Member of the Provincial Assembly of Punjab
- Incumbent
- Assumed office 24 February 2024

Personal details
- Party: PMLN (2013-present)

= Khalid Mahmood Ranjha =

Pakistani politician

Khalid Mahmood Ranjha is a Pakistani politician who has been a Member of the Provincial Assembly of the Punjab since 2024. He has been appointed as Parliamentary Secretary for Law & Parliamentary Affairs.

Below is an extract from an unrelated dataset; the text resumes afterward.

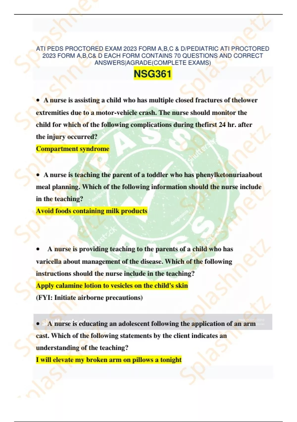 ATI PEDS PROCTORED EXAM 2023 FORM A,B,C & D/PEDIATRIC ATI PROCTORED
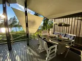 Das Wohnzimmer verfügt über einen bequemen Sitzbereich, einen großen Essbereich, einen Fernseher und einen Kamin. Durch die großen Glasfenster haben Sie einen herrlichen Blick auf das Meer und direkten Zugang zur großen Terrasse. Die offene Terrasse ist ungefähr 60 m2 groß und ungefähr 25 m2 der Terrasse ist überdacht.

He was elected to the Provincial Assembly of the Punjab as a candidate of the Pakistan Muslim League (N) from constituency PP-42 Mandi Bahauddin-III in the 2024 Pakistani general election. He belongs to a well known Political family of Mandi Bahauddin. Khalid Mahmood Ranjha is a retired District and Session Judge, he is amongst the well established jurists. His Paternal uncle Chaudhry Irshadullah Ranjha was elected as MLA Member Punjab Legislative Council (British India) in the 1937 Punjab Provincial Assembly election and for the second term in the 1951 Punjab provincial election. His elder Paternal uncle Nazir Hussain Ranjha was elected as MLA Member Punjab Legislative Council (British India) in the 1930 Punjab Legislative Council election and has also served as Bureaucrat Home secretary of Punjab and afterwards he served as Attorney General Highcourt West Pakistan. His elder brother Altaf Ahmed Ranjha was elected as MPA from Pakistan People's Party in the 1988 Pakistani general election. His Paternal cousin Chaudhry Ikramullah Ranjha was elected as MPA from Pakistan Muslim League (N) in the 1985 Pakistani general election and for the second term in the 1990 Pakistani general election. His elder Paternal cousin Chaudhry Ehsanullah Ranjha was elected as Chairmain District Council Gujrat, Pakistan. His nephew Fazal Ahmed Ranjha was elected as MPA from Pakistan Muslim League in the 2002 Punjab provincial election. His other nephew Khurram Ehsan Ranjha was elected as Member District council Mandi Bahauddin for two consecutive terms and his maternal cousin Mohsin Shahnawaz Ranjha was elected as MNA in the 2013 Pakistani general election and for the second term in the 2018 Pakistani general election. Moreover, he served as Minister of State for Parliamentary Affairs, in Abbasi cabinet from October 2017 to May 2018.